● **Task statement**
The output has to be the full set of records, reproduced exactly, minus any picture.

/---

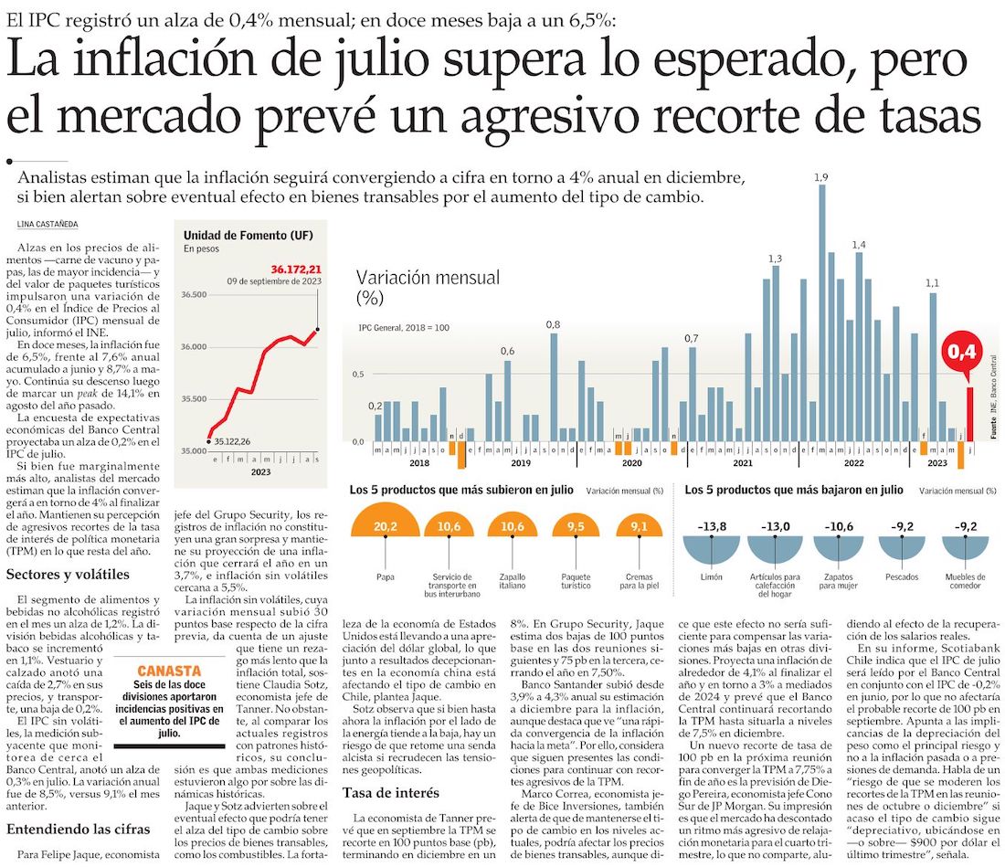 El IPC de julio da nuevas pistas de moderación, pero el mercado mira atento alza del dólar y alimentos - (Diario Financiero)
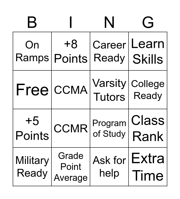 This bingo card has 16 words: Grade Point Average, Class Rank, Career Ready, On Ramps, +5 Points, +8 Points, Program of Study, Ask for help, Free, CCMA, Military Ready, Learn Skills, CCMR, College Ready, Varsity Tutors and Extra Time.
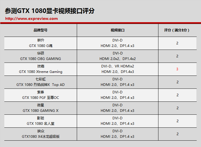 按照公版設計,GTX 1080視頻接口包含一個DL-DVI,一個HDMI 2.0b以及三個DisplayPort1.4接口。雖然說3種不同的視頻輸出接口已經滿足大部分人需求,但是以GTX 1080的性能水準,已經達到VR Ready的高性能需求,如果使用例如HTC VIVE頭戴式VR顯示器,額外更多的HDMI接口使用起來也就更得心應手。因此本環節采用扣分制度,采用VR友好型HDMI接口的將獲得滿分,沒有的扣1分。
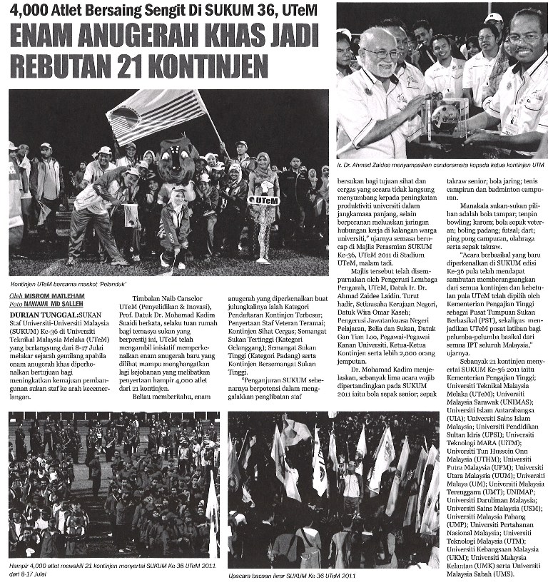 4,000 Atlet Bersaing Sengit Di SUKUM 36, UTeM ENAM ANUGERAH KHAS JADI REBUTAN 21 KONTINJEN
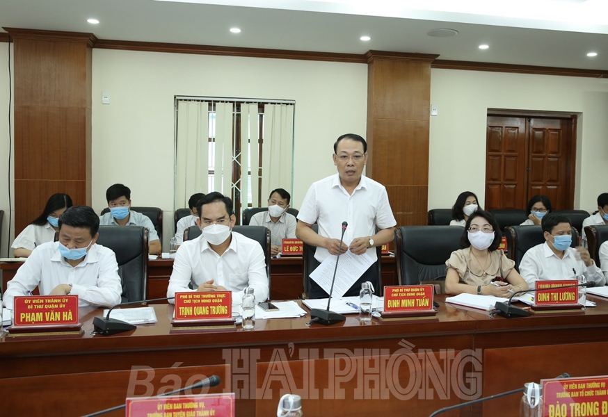 Tại cuộc làm việc, các đồng chí Ủy viên Ban Thường vụ Thành ủy, lãnh đạo các ngành phát biểu, phân tích làm rõ một số thành tựu, kết quả của quận Ngô Quyền và gợi ý các định hướng phát triển quận trong thời gian tới. Các ý kiến thống nhất đánh giá: Quận Ngô Quyền là địa phương có nhiều lợi thế phát triển. Những năm qua, quận phát huy tiềm năng, lợi thế, từng bước xây dựng quận trở thành trung tâm thương mại-dịch vụ, đô thị hiện đại của thành phố. Quận là một trong 3 địa phương có số thu ngân sách cao, bền vững của thành phố, đạt mức trên 1.000 tỷ đồng hằng năm. Tuy nhiên, số thất thu ngân sách còn lớn, số thu chưa tương xứng với tiềm năng, lợi thế. Đô thị quận phát triển nhanh, song hạ tầng cơ sở tại nhiều khu vực xuống cấp; một số dự án thi công kéo dài nhiều năm ảnh hưởng trực tiếp đến đời sống của hàng nghìn hộ dân.
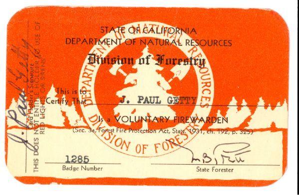 J. Paul Getty. California Division of Forestry Volunteer Fire Warden membership card. Act of 1931. Signed by Getty. Jean Paul Getty (December 15, 1892 – June 6, 1976) was an American industrialist. He founded the Getty Oil Company, and in 1957 Fortune magazine named him the richest living American, whilst the 1966 Guinness Book of Records named him as the world's richest private citizen, worth an estimated $1.2 billion (approximately $8.7 billion in 2013).
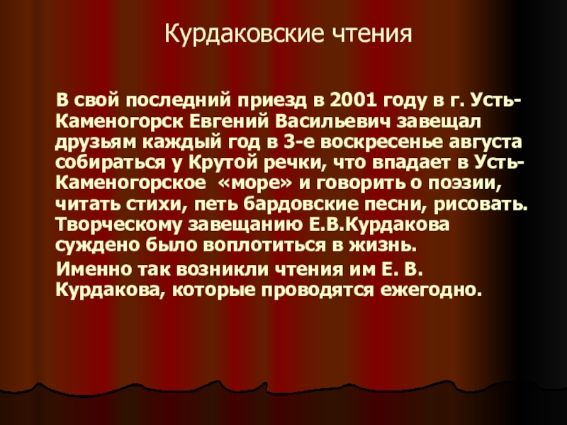 в г. Усть-Каменогорск Евгений Васильевич завещал друзьям каждый год в 3-е воскресенье августа собираться у Крутой речки, что впадает в Усть-Каменогорское «море» и говорить о поэзии, читать стихи, петь бардовские песни, рисовать. Творческому завещанию Е.В.Курдакова суждено было воплотиться в жизнь.
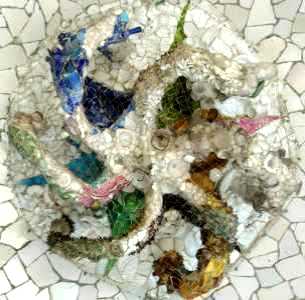 ガウディの他の作品、陶器製のカエル等不思議な雰囲気の造り物がありました。
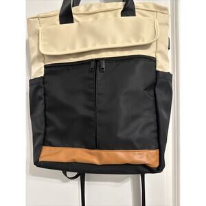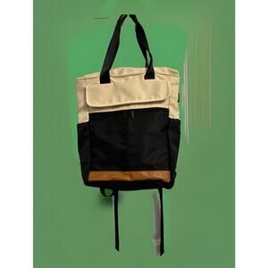 Convertible Tote, Daypack Laptop Backpack Wide Open School/Work Black/Cream Mint
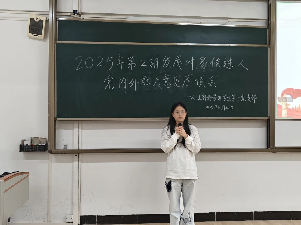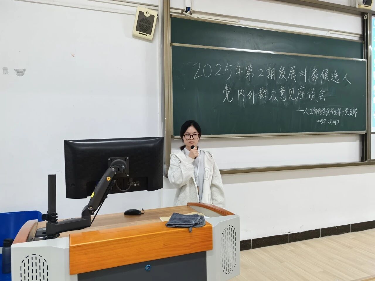 10月24日下午,人工智能学院学生第一党支部于6栋214教室召开2025年第2期发展对象候选人党内外群众意见座谈会。全体党员、发展对象候选人和学生党支部工作人员准时参会。会议开始,主持人详细介绍了会议流程及座谈会的目的和意义。随后,发展对象候选人逐一登台,围绕思想提升、学业进展、实践经历等方面展开汇报,着重说明自身入党动机、对党的认识以及服务群众的具体做法。
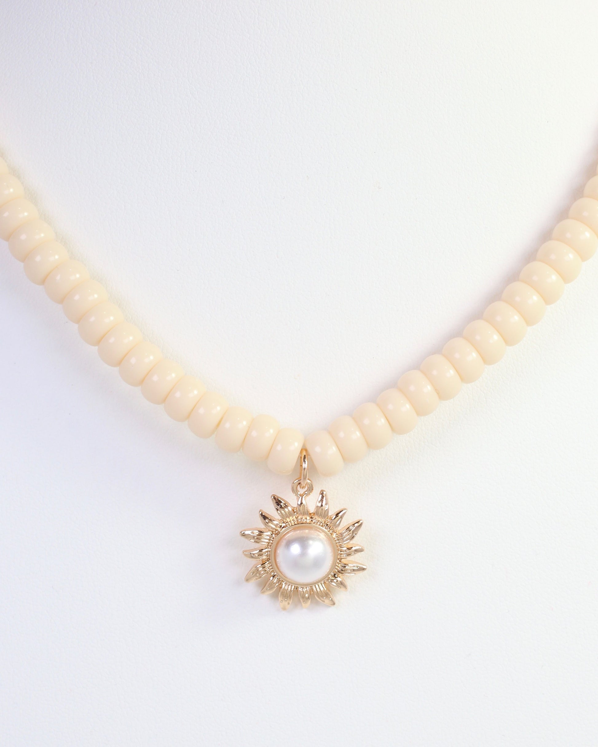 Delicate ivory beaded flower necklace with precision craftsmanship. Lightweight and elegant, perfect for any occasion.
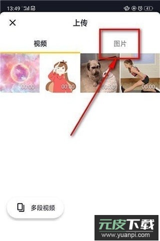 2、进入拍摄视频界面后,点击右下角的上传按钮;
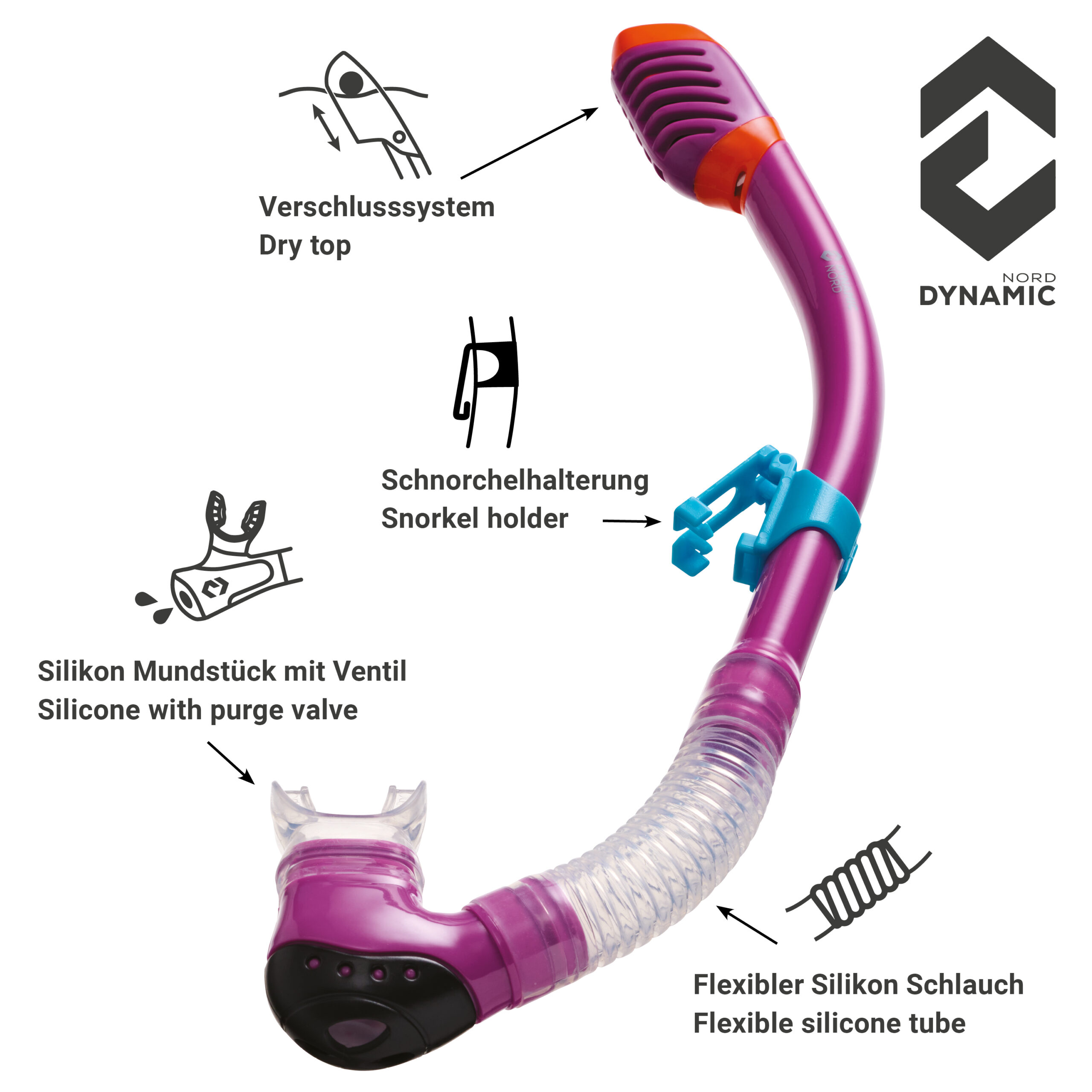 Anatomical valve snorkel with silicone comfort mouthpiece & easily adjustable clip snorkel holder which that can be easily opened to attach the snorkel to the mask strap Anatomical snorkel tube with signal Splash Top
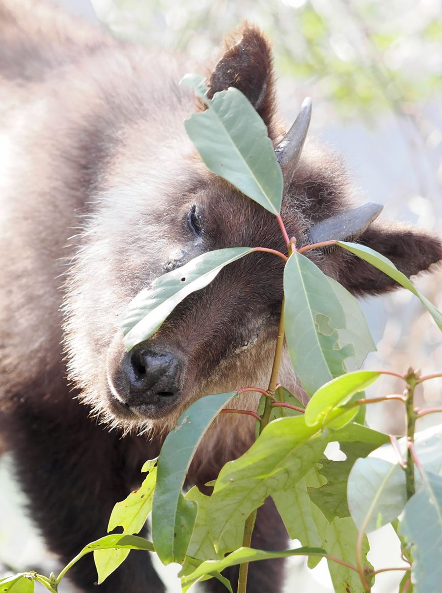 馬路村の会社に勤務する井上貴文さん(50)=ニホンカモシカ「ギンじいさん」の様子に目尻を下げて。国の特別天然記念物だが、…

\---

● **Solution to the exercise**
 El IPC de julio da nuevas pistas de moderación, pero el mercado mira atento alza del dólar y alimentos - (Diario Financiero)
 This bingo card has 16 words: Grade Point Average, Class Rank, Career Ready, On Ramps, +5 Points, +8 Points, Program of Study, Ask for help, Free, CCMA, Military Ready, Learn Skills, CCMR, College Ready, Varsity Tutors and Extra Time.
 按照公版設計,GTX 1080視頻接口包含一個DL-DVI,一個HDMI 2.0b以及三個DisplayPort1.4接口。雖然說3種不同的視頻輸出接口已經滿足大部分人需求,但是以GTX 1080的性能水準,已經達到VR Ready的高性能需求,如果使用例如HTC VIVE頭戴式VR顯示器,額外更多的HDMI接口使用起來也就更得心應手。因此本環節采用扣分制度,采用VR友好型HDMI接口的將獲得滿分,沒有的扣1分。
 4,000 Atlet Bersaing Sengit Di SUKUM 36, UTeM ENAM ANUGERAH KHAS JADI REBUTAN 21 KONTINJEN
 Tại cuộc làm việc, các đồng chí Ủy viên Ban Thường vụ Thành ủy, lãnh đạo các ngành phát biểu, phân tích làm rõ một số thành tựu, kết quả của quận Ngô Quyền và gợi ý các định hướng phát triển quận trong thời gian tới. Các ý kiến thống nhất đánh giá: Quận Ngô Quyền là địa phương có nhiều lợi thế phát triển. Những năm qua, quận phát huy tiềm năng, lợi thế, từng bước xây dựng quận trở thành trung tâm thương mại-dịch vụ, đô thị hiện đại của thành phố. Quận là một trong 3 địa phương có số thu ngân sách cao, bền vững của thành phố, đạt mức trên 1.000 tỷ đồng hằng năm. Tuy nhiên, số thất thu ngân sách còn lớn, số thu chưa tương xứng với tiềm năng, lợi thế. Đô thị quận phát triển nhanh, song hạ tầng cơ sở tại nhiều khu vực xuống cấp; một số dự án thi công kéo dài nhiều năm ảnh hưởng trực tiếp đến đời sống của hàng nghìn hộ dân.
 J. Paul Getty. California Division of Forestry Volunteer Fire Warden membership card. Act of 1931. Signed by Getty. Jean Paul Getty (December 15, 1892 – June 6, 1976) was an American industrialist. He founded the Getty Oil Company, and in 1957 Fortune magazine named him the richest living American, whilst the 1966 Guinness Book of Records named him as the world's richest private citizen, worth an estimated $1.2 billion (approximately $8.7 billion in 2013).
 в г. Усть-Каменогорск Евгений Васильевич завещал друзьям каждый год в 3-е воскресенье августа собираться у Крутой речки, что впадает в Усть-Каменогорское «море» и говорить о поэзии, читать стихи, петь бардовские песни, рисовать. Творческому завещанию Е.В.Курдакова суждено было воплотиться в жизнь.
 ガウディの他の作品、陶器製のカエル等不思議な雰囲気の造り物がありました。
 Convertible Tote, Daypack Laptop Backpack Wide Open School/Work Black/Cream Mint
 10月24日下午,人工智能学院学生第一党支部于6栋214教室召开2025年第2期发展对象候选人党内外群众意见座谈会。全体党员、发展对象候选人和学生党支部工作人员准时参会。会议开始,主持人详细介绍了会议流程及座谈会的目的和意义。随后,发展对象候选人逐一登台,围绕思想提升、学业进展、实践经历等方面展开汇报,着重说明自身入党动机、对党的认识以及服务群众的具体做法。
 Delicate ivory beaded flower necklace with precision craftsmanship. Lightweight and elegant, perfect for any occasion.
 2、进入拍摄视频界面后,点击右下角的上传按钮;
 Anatomical valve snorkel with silicone comfort mouthpiece & easily adjustable clip snorkel holder which that can be easily opened to attach the snorkel to the mask strap Anatomical snorkel tube with signal Splash Top
 馬路村の会社に勤務する井上貴文さん(50)=ニホンカモシカ「ギンじいさん」の様子に目尻を下げて。国の特別天然記念物だが、…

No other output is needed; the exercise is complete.